Jia, Z., Pramanik, S., Saha Roy, R., & Weikum, G. (2021). Complex Temporal Question Answering on Knowledge Graphs. Retrieved from https://arxiv.org/abs/2109.08935.


Zitierlink: https://hdl.handle.net/21.11116/0000-0009-64F7-0
Zusammenfassung
Question answering over knowledge graphs (KG-QA) is a vital topic in IR.
Questions with temporal intent are a special class of practical importance, but
have not received much attention in research. This work presents EXAQT, the
first end-to-end system for answering complex temporal questions that have
multiple entities and predicates, and associated temporal conditions. EXAQT
answers natural language questions over KGs in two stages, one geared towards
high recall, the other towards precision at top ranks.

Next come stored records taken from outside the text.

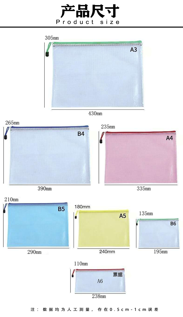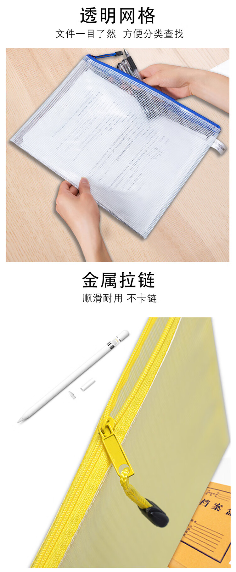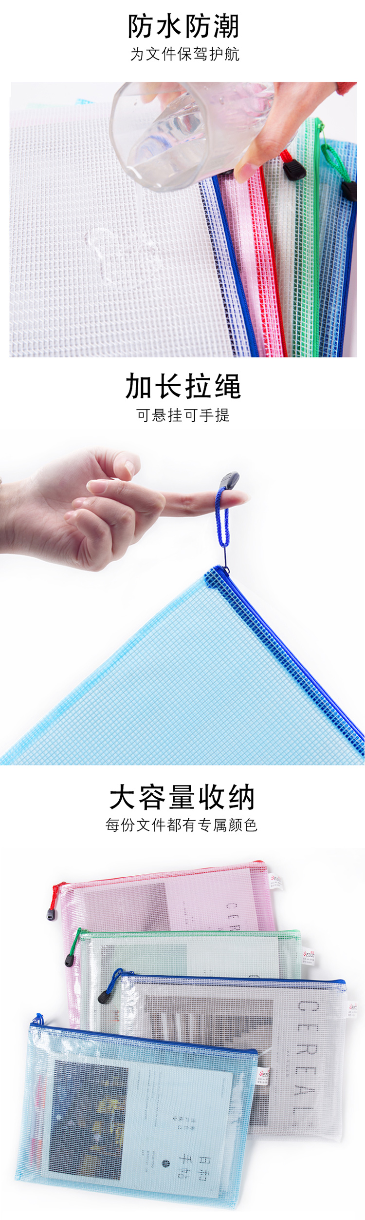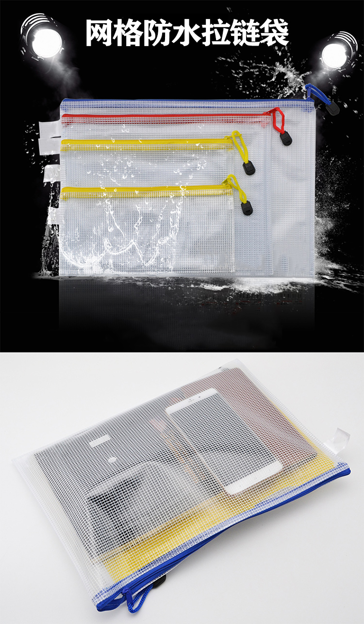 海斯迪克 网格拉链文件袋 KP17-1 颜色随机 B6(13.5cm*19.5cm) 1个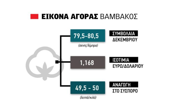 Τη Δευτέρα, τα συμβόλαια Δεκεμβρίου (νέας σοδειάς) στο χρηματιστήριο έκλεισαν στα 80,97 σεντς ανά λίμπρα (+0,39 σεντς), με την ανοδική τάση να συντηρείται και την Τρίτη και να ξεπερνάει τα 81 σεντς. Έτσι, μαθηματικά η αναγωγή στο σύσπορο δίνει τιμή που ξεπερνά τα 50 λεπτά λεπτά το κιλό. Την ίδια στιγμή, η ισοτιμία του ευρώ με το δολάριο ανέρχεται την ώρα που γράφονται αυτές οι γραμμές στο 1,17.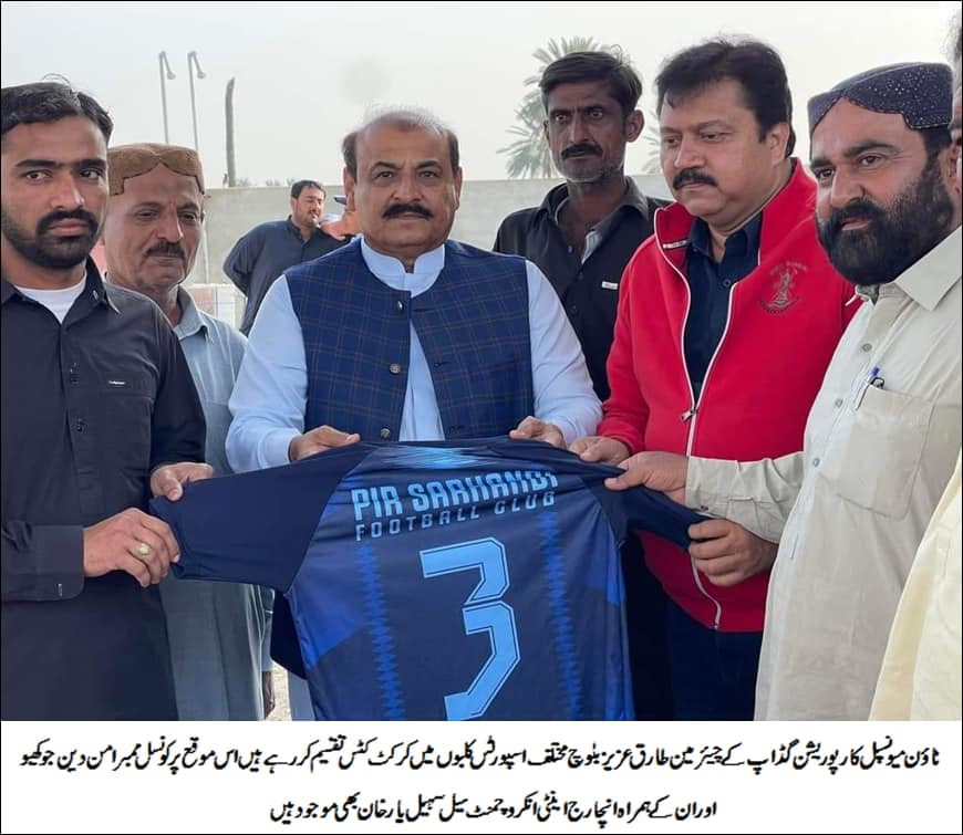 ٹاؤن میونسپل کارپوریشن گڈاپ کے چیئرمین طارق عزیز بلوچ مختلف اسپورٹس کلبوں میں کرکٹ کٹس تقسیم کررہے ہیں اس موقع پر کونسل ممبر امن دین جوکھیو اور ان کے ہمراہ انچارج اینٹی انکروچمنٹ سیل سہیل یار خان بھی موجود ہیں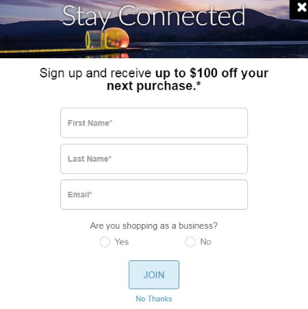 All you need to do is fill out your first / last name and email, and will almost immediately receive a $100 off coupon that you can apply to your next purchase.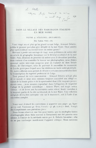 BYZANTINISCHE FORSCHUNGEN ( CERCETARI DE BIZANTOLOGIE ) , CONTINE : DANS LE SILLAGE DES MARCHANDS ITALIENS EN MERI NOIRE par PETRE S. NASTUREL , TEXT IN FRANCEZA , REVISTA GERMANA , BAND IV , 1972, DEDICATIE *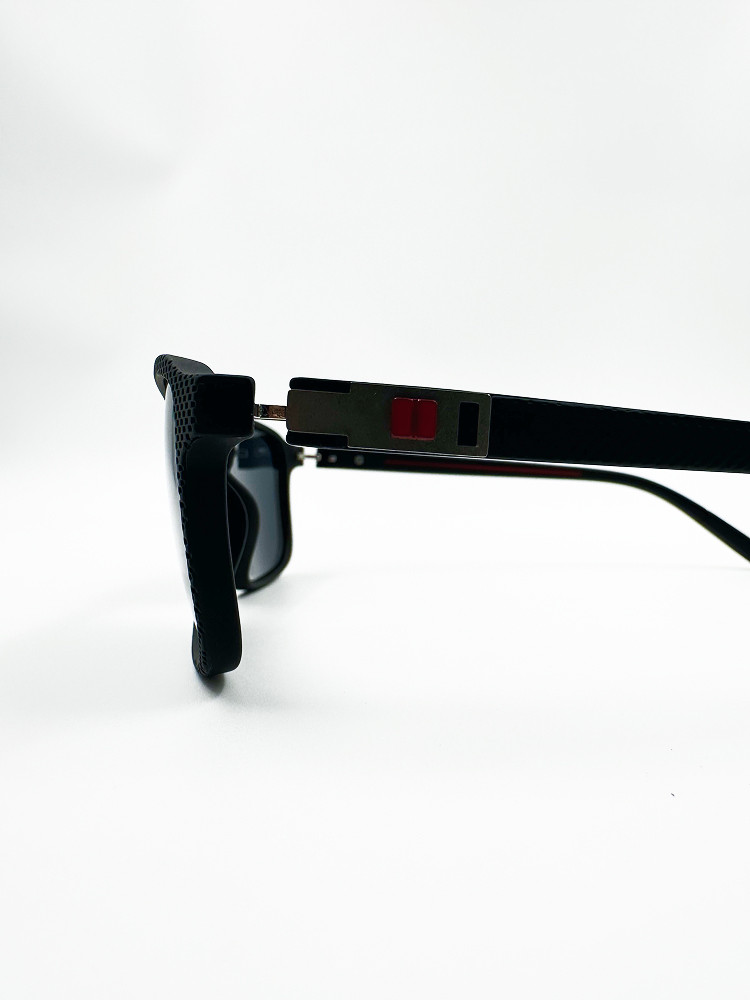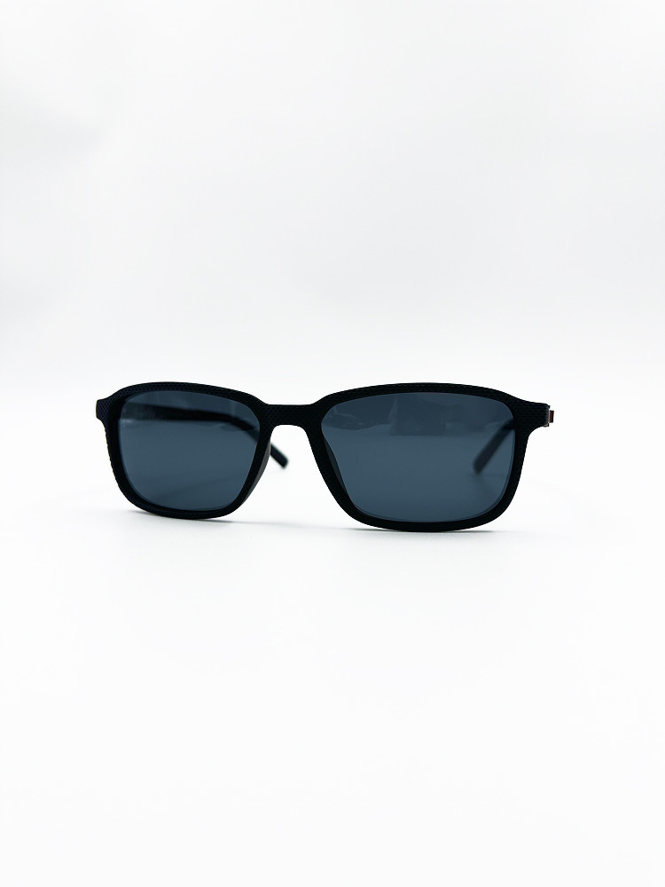 Современные очки с прямоугольной оправой в чёрном цвете — идеальный аксессуар для активного образа жизни. Стильный спортивный дизайн, лёгкий и прочный корпус, а также поляризационные линзы обеспечивают защиту от ультрафиолета и снижают блики от солнца.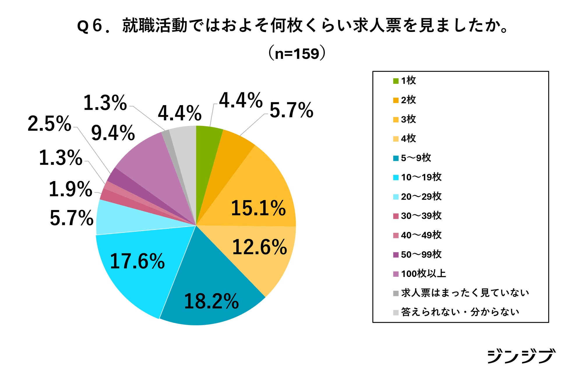 6.就職活動ではおよそ何枚くらい求人票をみましたか。(n=159)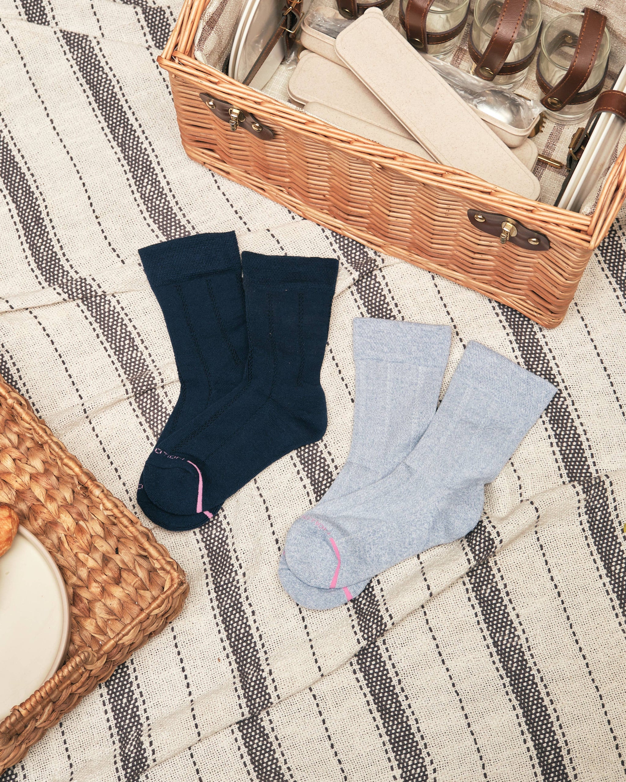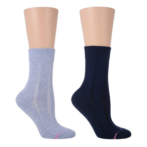 * Two (2) pairs per pack; one pair of each design shown * Suitable for diabetics * Anti-microbial & anti-odor * Non-binding Lycra and graduated cuff allows for maximum stretch to provide unrestricted circulation & comfort and provide a better fit around the leg * Latex free, Sorbtek yarn blend socks away moisture to keep feet dry * Enhanced cushion.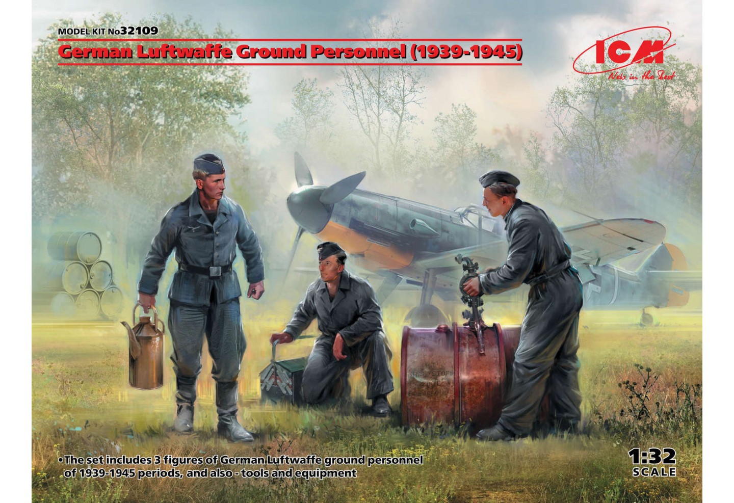 La boite comprend 3 figurines ( à assembler et à peindre) du personel au sol de la Luftwaffe durant la période 1939 1945
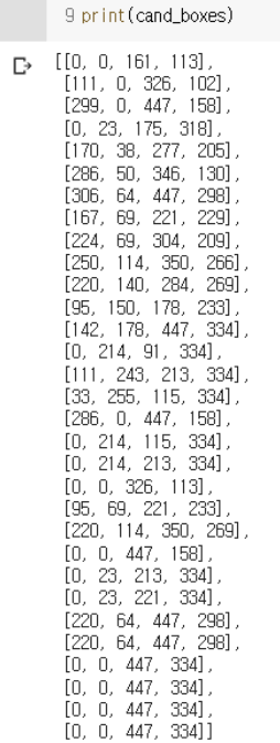 일단 cand_boxes라는 변수에 위에서 예측한 바운딩박스의 좌표값들을 저장해놓았습니다.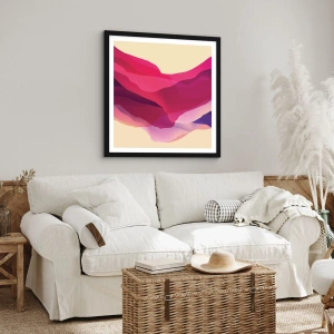 Plagát v čiernom ráme - Abstraktné vlny v odtieňoch fialovej na svetlom pozadí - 50x70cm - Fialové vlny - Moderná nástenná dekorácia do obývacej izby a spálne ARTTOR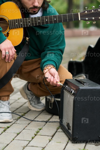 Молодой взрослый мужчина подключает акустическую гитару к усилителю на открытом воздухе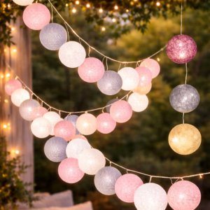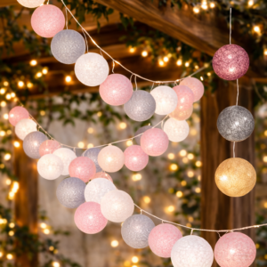 Instalatia decorativa cu 20 de LED-uri si bile colorate in nuante pastelate de roz, alb si gri creeaza o atmosfera calda si relaxanta. Ideala pentru decorarea dormitorului, livingului sau meselor festive, aceasta instalatie ofera o lumina placuta, difuza, perfecta pentru serile de iarna sau evenimente speciale. Functioneaza pe baterii, ceea ce permite amplasarea ei oriunde fara nevoie de priza.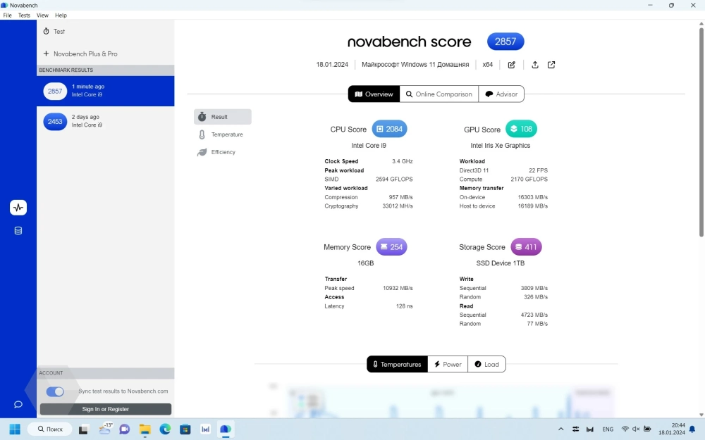 В Novabench работа процессора в сбалансированном режиме была оценена на 2221 Гфлопс, а в производительном — 2594. Но в показателях этого теста остановимся чуть подробнее, потому что он проверяет показатели не только CPU, но и остальных комплектующих системы.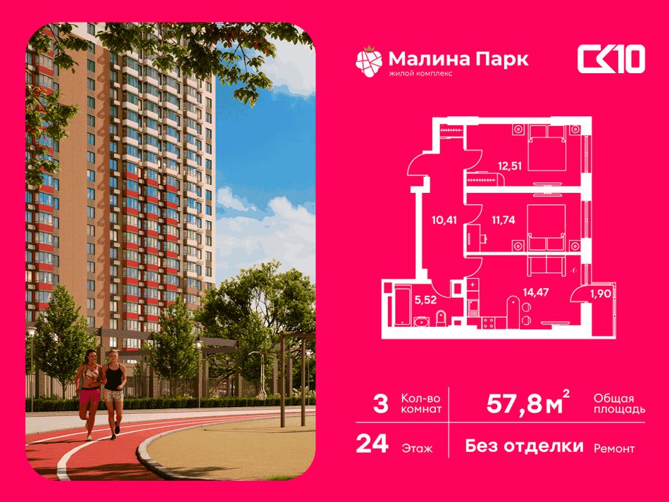 Просторная 3-комнатная квартира площадью 57,75 м² расположена на 24 этаже жилого комплекса «МАЛИНА ПАРК». Кухня площадью 0 м² функционально спланирована для удобства готовки. Светлые жилые комнаты общей площадью 11,74/12,51/14,47 м² создают уютную атмосферу для отдыха и работы.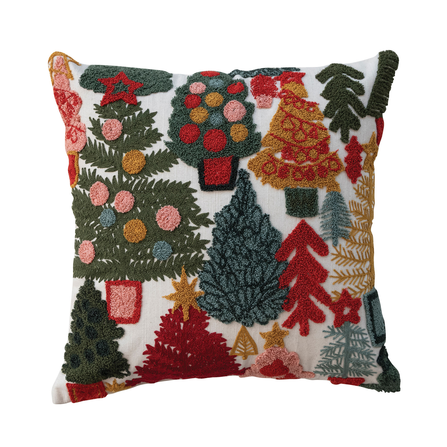 Catalog Name: 18" Square Cotton Slub Pillow w/ Embroidered Christmas Trees & Tufting, Multi Color

The first step computes
question-relevant compact subgraphs within the KG, and judiciously enhances
them with pertinent temporal facts, using Group Steiner Trees and fine-tuned
BERT models. The second step constructs relational graph convolutional networks
(R-GCNs) from the first step's output, and enhances the R-GCNs with time-aware
entity embeddings and attention over temporal relations. We evaluate EXAQT on
TimeQuestions, a large dataset of 16k temporal questions we compiled from a
variety of general purpose KG-QA benchmarks. Results show that EXAQT
outperforms three state-of-the-art systems for answering complex questions over
KGs, thereby justifying specialized treatment of temporal QA.